400 errors (quota exceeded, unauthorized, and invalid-signature) requests

This visual provides insights into 4xx errors in your API requests, focusing on quota exceeded, unauthorized, and invalid signature errors. Identify trends and patterns affecting your API's performance and reliability. This breakdown helps pinpoint root causes, enabling targeted improvements, enhanced security measures, and optimized quota management for a seamless and secure API experience.

dashboard overview

API by usage plan

A usage plan specifies who can access one or more deployed API stages and methods. This visual summarizes API usage by usage plan, domain, and path, highlighting request counts and their utilization across different plans.

dashboard overview

API Latency Metrics

This visual shows latency metrics such as response latency, integration latency, and Lambda authorizer latency. It helps you see how each API performs and where you can make improvements.

Latency metrics

How to open the dashboard

  1. Navigate to the QuickSight console.
  2. Select Dashboard and open the deployed QuickSight dashboard.

dashboard overview

Cleaning Up

The SAM delete command deletes an AWS SAM application by deleting the AWS CloudFormation stack and the artifacts.
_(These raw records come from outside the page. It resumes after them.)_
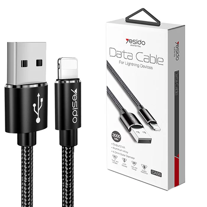 امروزه شارژر وایرلس ها عملیات شارژ را بسیار ساده کرده اند اما همچنان گوشی هایی هستند که دارای این قابلیت نبوده و یا نیاز به شارژ سریع دارند که در این صورت باید از کابل ها استفاده شود. کابل ca58 محصولی از کمپانی خوش نام Yesido بوده که مخصوص گوشی های دارای پورت lightning بوده و علت آن کانکتور لایتنینگ این محصول می باشد.
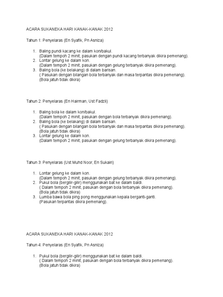 Senarai Acara Sukaneka Hari Kanak 2017docx
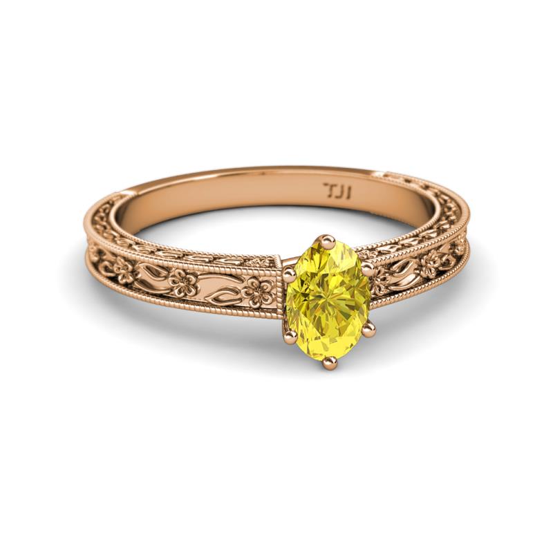 Oval Cut (7x5 mm) Yellow Sapphire 1.00 ct Floral Engraved Women Solitaire Engagement Ring 18K Rose Gold More Details ...
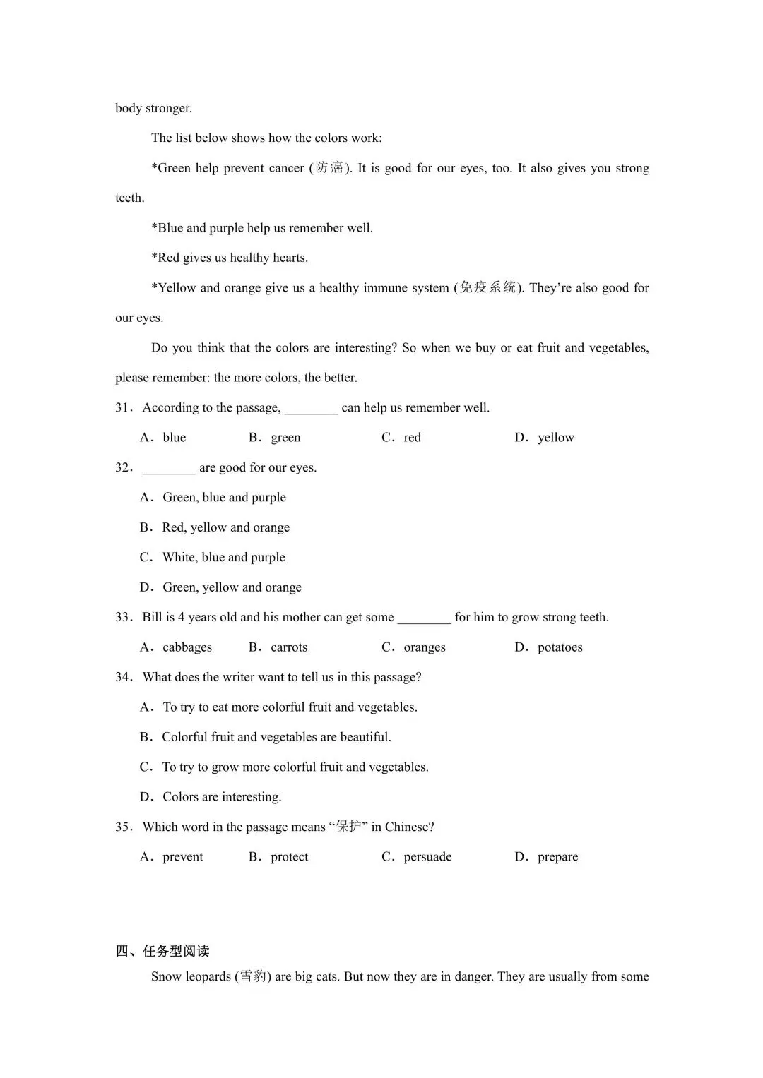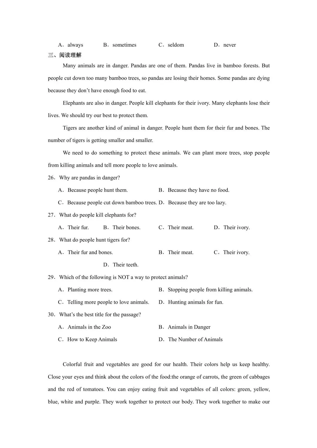 >2026学年七年级英语下学期期中模拟试卷含解析(电子版可打印)
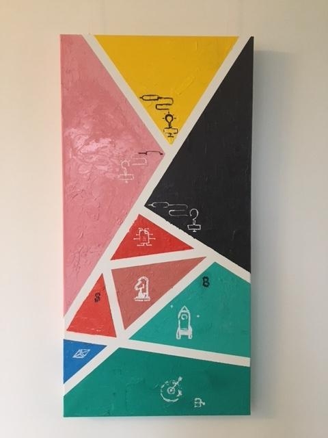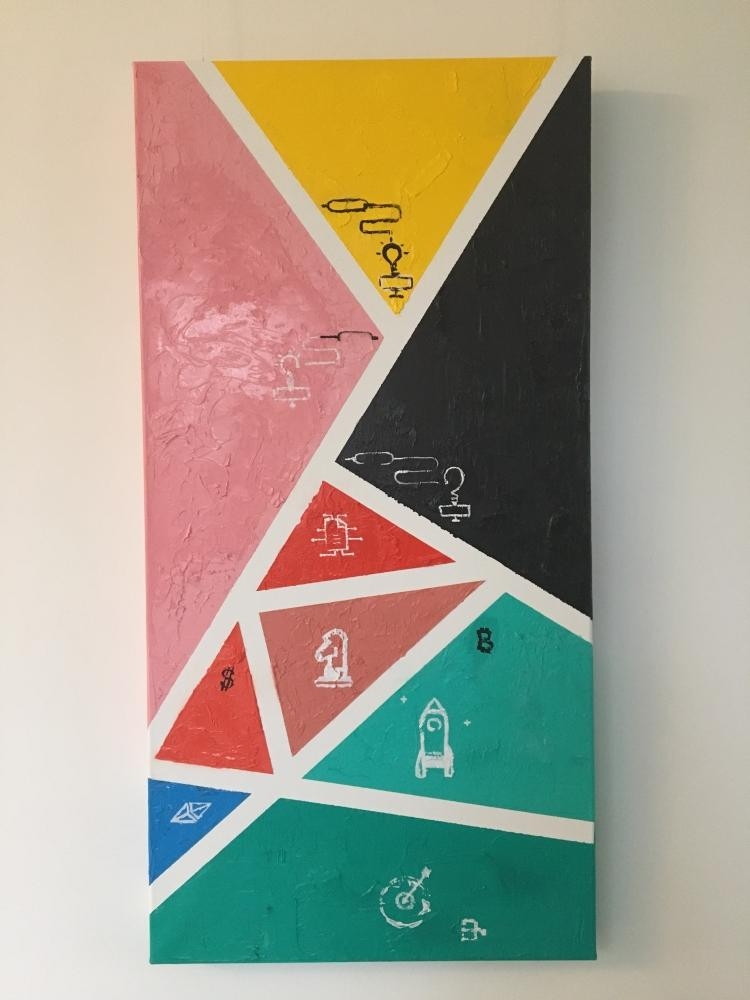 "Business Plan" is Puzzle Artwoek to guess how many triangles are there. with the start up planning signs out of it:  idea 💡;  connections 🧑🏻‍🏫🧑🏻‍🏫🧑🏻‍🏫;  planning 📄; Strategy ♟; Finances 💲; Realization 🚀 ; Success 🌀↙️ wooden frame excellent conditions Can be pick up from Netherlands by buyer artwork comes with certificate and invoice
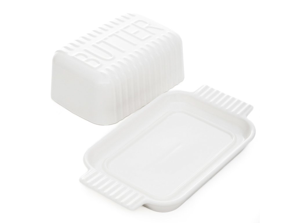 2 části: talíř s uchy + víko - Vysoce kvalitní porcelán - Bílá porcelánová miska na máslo
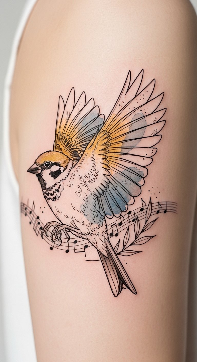 Think deeply about sparrow tattoo placement—it shapes the meaning impact and connects your spirit to the world around you. The design’s symbolism combines the sparrow’s association with freedom and resilience with the motion lines and watercolor accents to evoke movement, hope, and personal journey; placed on the wrist or ankle it feels intimate and liberated, on the chest or back it becomes a statement of inner strength and lasting resolve.

Note - API Gateway access logs are retained in the S3 bucket for future reference. You may need to manually delete the bucket if necessary.

cd apigw-log-analytic
sam delete

Conclusion

In this repo, I walked you through how API Gateway's detailed access logs provide insights into API usage. These logs include customer identifiers with usage plans, helping developers identify popular routes, errors, authentication methods, and users reaching quota limits. By using these logs, you can populate QuickSight to analyze and report on API usage patterns across domains and customer segments.

Customize this dashboard by creating additional visuals and tables based on your business use case. You can also customize the Lambda function enrichment logic, for example, to add geo information for IP addresses and create geographic dashboards within QuickSight to identify geographically separated users.